Qualquer outra forma de buscar e inspirar o novo e a inovação tende a se impregnar de material cultural antigo, nos mantendo presos em ciclos de repetições dos mesmos problemas e das mesmas questões. Para um novo mundo, precisamos soluções autenticamente novas e estas precisam estar despidas de paradigmas passados. Repito, não conheço instrumento mais eficiente para isso do que o Silêncio — a.k.a. Meditação.

 

Ser e não-Ser — eis a resposta.

Meditar é como mergulhar num cofre cheio. Cada vez que você vai lá, pega umas moedas. 
— David Lynch

Assim como já relatei aqui em minha própria descoberta deste poderoso silêncio interior e também já apresentei uma técnica cotidiana que pode lhe ajudar a ter contato com ele, pretendo, aqui ajudá-lo a entrar em sintonia, pelo menos um pouco, com aquilo que chamo de Silêncio Criativo. Um Silêncio que, ao invés de entediá-lo, lhe carregará de energia criativa e construtiva para ser lançada ao mundo.

O Silêncio Criativo nada mais é do que o reconhecimento do Silêncio como gerador, como arcabouço de idéias formidáveis prontas para nos ajudar em todas as dimensões de nossa vida. Não há nada mais eficiente do que o Silêncio para o despertar da criatividade autêntica e para que o verdadeiramente novo possa emergir. Muitos criativos de grande calibre tem uma percepção parecida. John Cage, por exemplo, sempre teve um fascínio direto pelo silêncio, mesmo sendo o centro de sua produção a música e o universo sonoro — em verdade o silêncio é o elemento perfeito para se construir uma ponte até o som — essa era sua percepção.

 

David Lynch também tem sua fascinação e cultivo cotidiano deste espaço de Silêncio Criativo. Ele aborda em seu livro “Em águas profundas” (Catching the big fish) uma importante metáfora nessa direção:

Se você quer pegar um peixinho, pode ficar em águas rasas. Mas se quer um peixe grande, terá que entrar em águas profundas.
 

O que Lynch quer dizer com isso? Que a meditação, ou o contato sistemático com o silêncio interior, é uma ferramenta poderosa para entrarmos em contato com dimensões de nosso ser que são inacessíveis de outros modos. O livro de Lynch, que é uma apologia à meditação, é um pequeno e belo tratado inspiracional sobre porque e como “treinar” sua mente para atingir esta criatividade autêntica através do contato com o silêncio. Ele mesmo treina esse contato por, pelo menos, 20 minutos ao dia. Lynch tem feito isso sem perder um dia sequer há mais de 40 anos! 

 

Além desta prática pessoal, o diretor tornou-se um dos principais ativistas da meditação no ocidente e defende a prática da Meditação Transcendental como forma de sucesso pessoal e transformação planetária através de seus testemunhos pessoais e de sua David Lynch Foundation.

 

O Silêncio Criador e o Silêncio Criativo.

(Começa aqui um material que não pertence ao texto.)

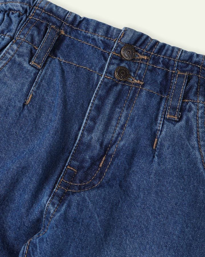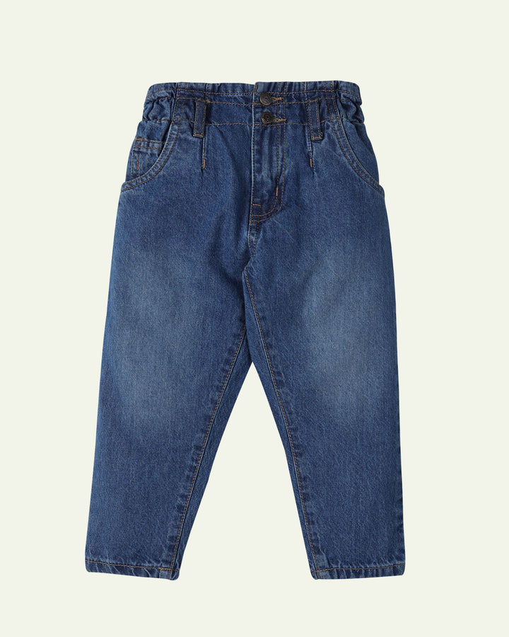 These paper bag jeans are cool and reliable for days when you are required to do extra. The easy fit and deep pockets help you stay comfortable and store your mini treasures in. - Machine Wash Cold - Denim - Five Pocket Style - Paper Bag Style - Branded Hopscotch Waist Buttons - Medium Wash
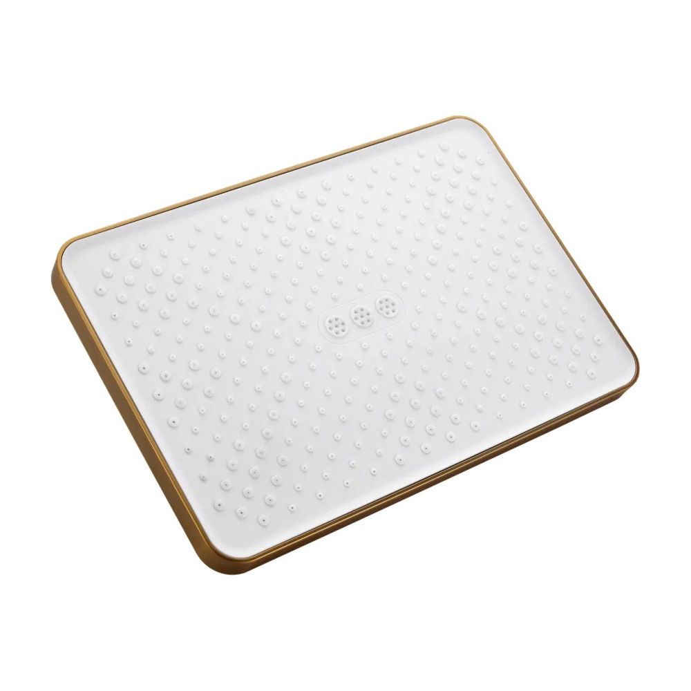 Верхний (тропический) душ BELZ BD02-5 в цвете "брашированное золото" — это стильное и функциональное решение для вашей ванной комнаты. С современным дизайном и прямоугольной формой размером 305х205 мм, этот душ не только обеспечит комфортное принятие водных процедур, но и станет элегантным дополнением к интерьеру. Изготовленный из прочного ABS-пластика, он отличается долговечностью и устойчивостью к повреждениям. Силиконовые форсунки облегчают очистку от известкового налёта, сохраняя эффективность и внешний вид устройства на долгие годы. В комплекте с душем идёт шарнир, который позволяет регулировать угол наклона вдоль всей оси, обеспечивая максимальный комфорт при использовании. Стандарт подключения 1/2" делает верхний душ BELZ совместимым с большинством современных душевых систем и кронштейнов, что обеспечивает удобство при установке и использовании.
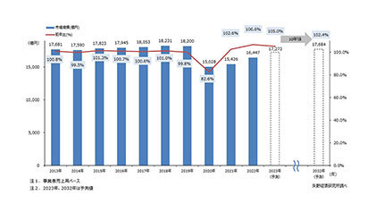 矢野経済研究所は、2023年の葬祭ビジネス市場規模(事業者売上高ベース)を、前年比105.0%の1兆7273億円と予測するとともに、10年後の2032年は2023年比で102.4%となる1兆7684億円と予測している。
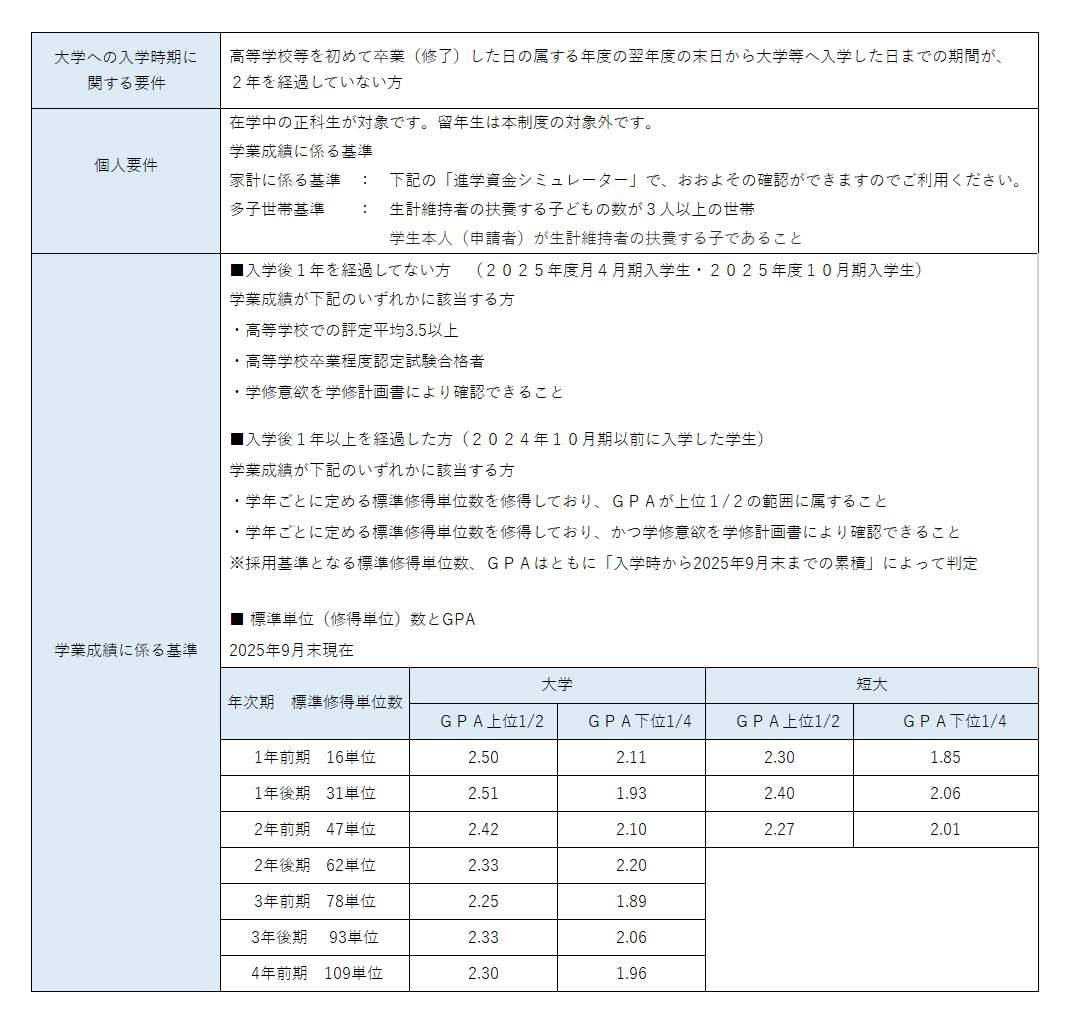 ★2025年在学生用 給付奨学金案内pdf の6ページ 3-(1)大学等への入学時期に等に関する要件をご確認ください。
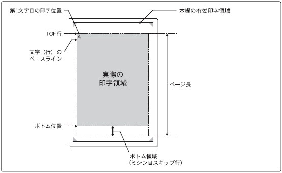 本エミュレーションモードでは、実際の用紙上での印字位置と印字領域について次の用語で説明しています。
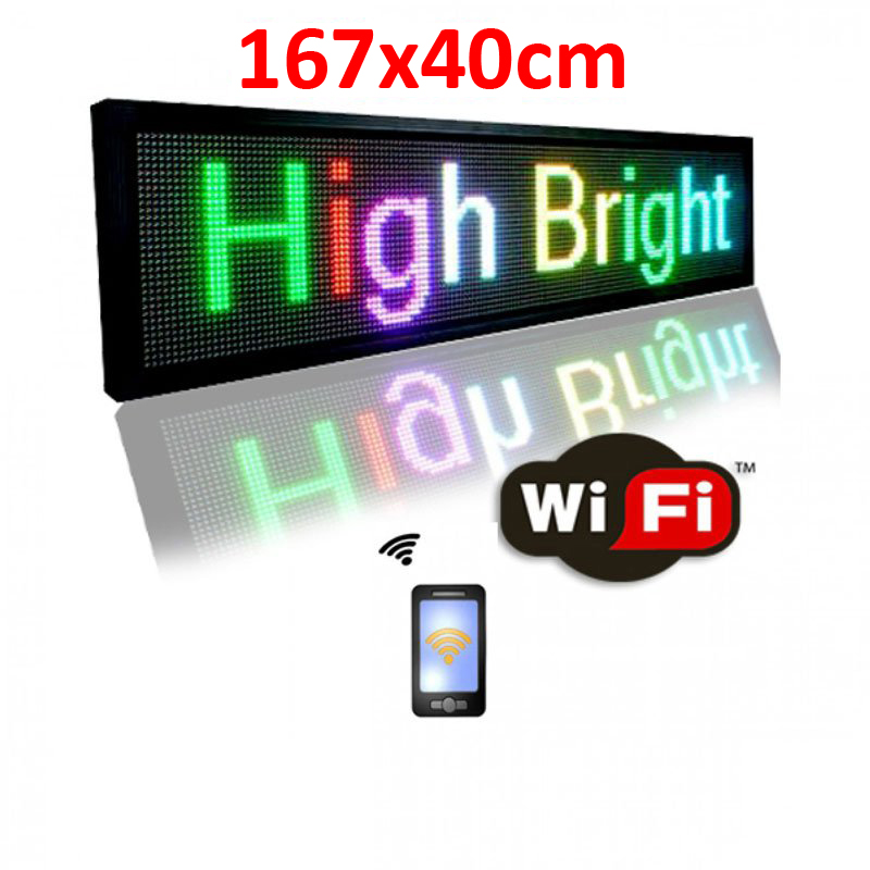 WiFi Αδιάβροχη Ηλεκτρονική Πινακίδα Μονής Όψης με Κυλιόμενη Επιγραφή Πολύχρωμα LED σε Διάφορες Διαστάσεις

Trata-se de um poder criativo profundo que o vazio impõe sobre nós. Ser e não-ser — estas são as duas faces de uma mesma moeda. Acredito que é esta liberdade imposta pelo Silêncio que nos orientará à nova fase de desenvolvimento humano, individual e coletivo e de uma Cultura Planetária mais integrada. 

Mesmo a busca por uma estética do silêncio ou da ausência positiva— mostra o atual interesse de nossa cultura contemporânea pela dimensão da não-existência, do silêncio e do vazio. Não o vazio vazio, mas o vazio cheio. O vazio pleno da perspectiva budista — a mente de clara luz — cheio de sentido e poder criador. O vazio que inspira espaços novos cheios de riquezas advindas de uma nova linguagem e entendimento. O entendimento que transcende a separação entre entre ação e não-ação, entre o tudo e o nada, entre a vida e a morte. De novo, são faces de uma mesma moeda.

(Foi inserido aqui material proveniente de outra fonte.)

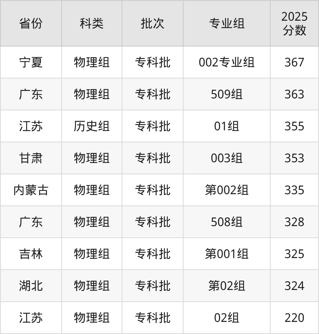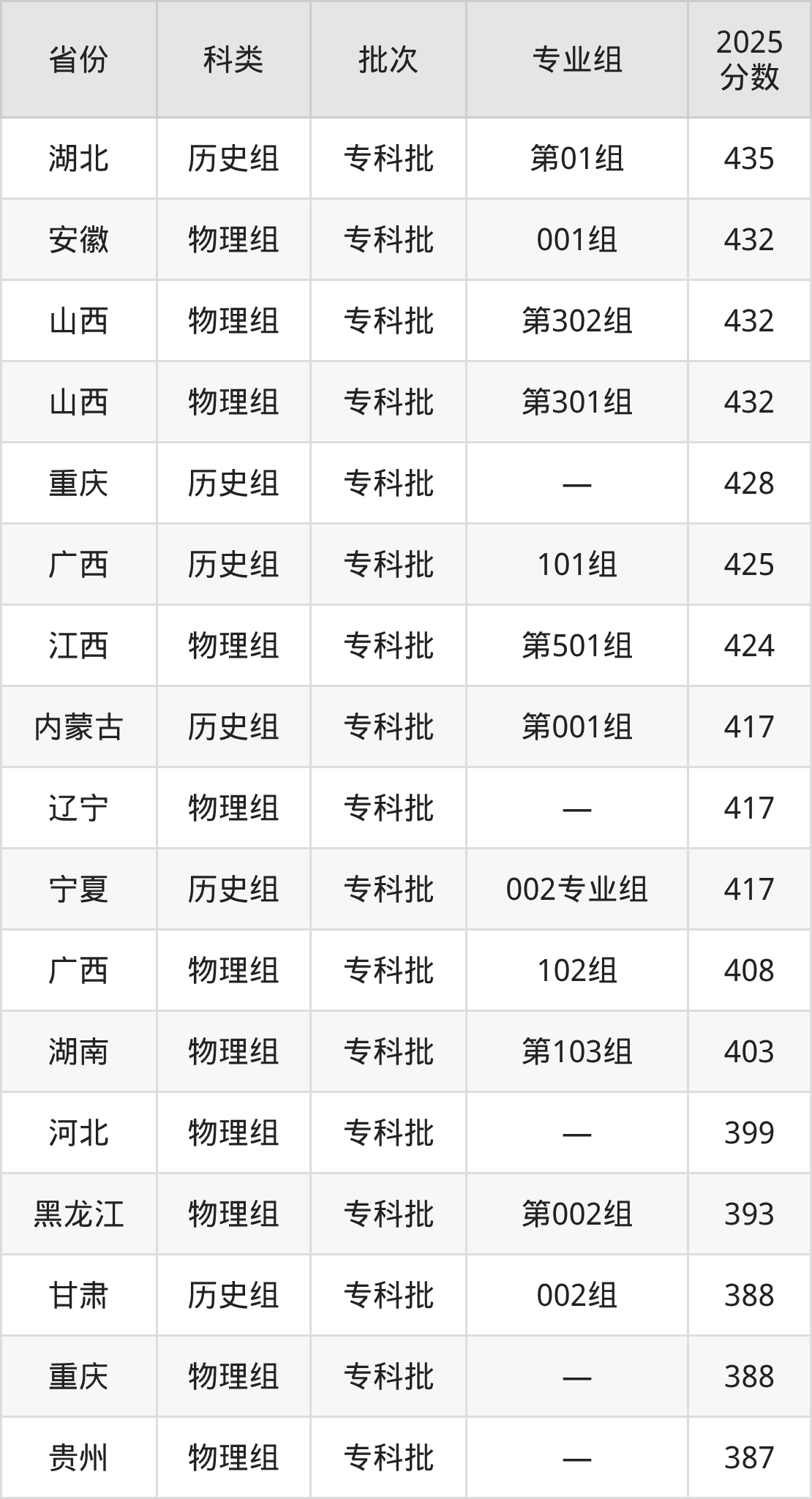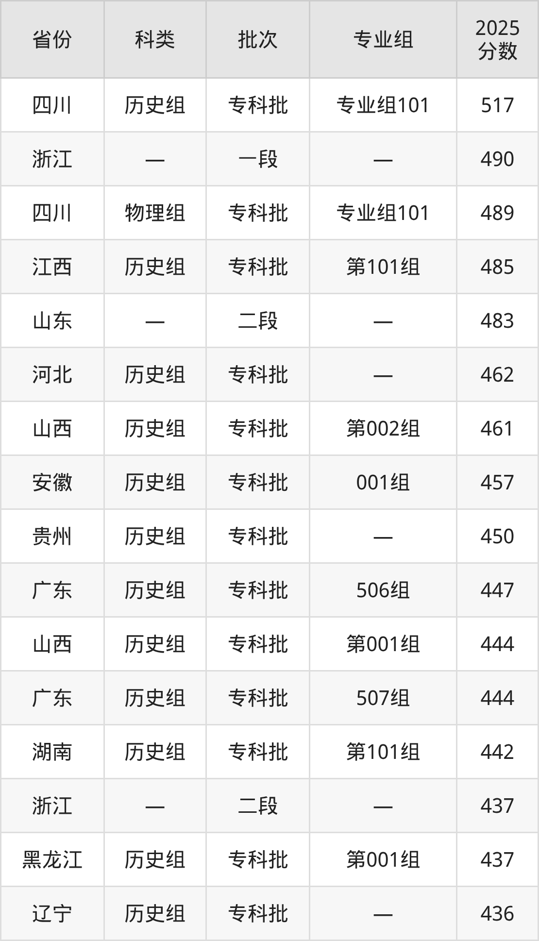 下面是重庆城市管理职业学院2025年在全国各省的录取分数线一览表,供参考:

Este é um princípio culturalmente fresh mas historicamente antigo — nos remetendo a conhecimentos e culturas ancestrais como a linhagem filosófico-espiritual do Advaita Vedanta da Índia antiga que prega a não-dualidade e a unidade. Este princípio remete também a conceitos de novas teorias que explicam a realidade num contexto de interdependência entre tudo como sugere a Teoria Integral de Ken Wilber, a visão de Unidade Sagrada de Gregory Bateson ou ainda teorias que sondam a possibilidade lançada por Eistein do Campo Unificado como a Teoria da Supercordas.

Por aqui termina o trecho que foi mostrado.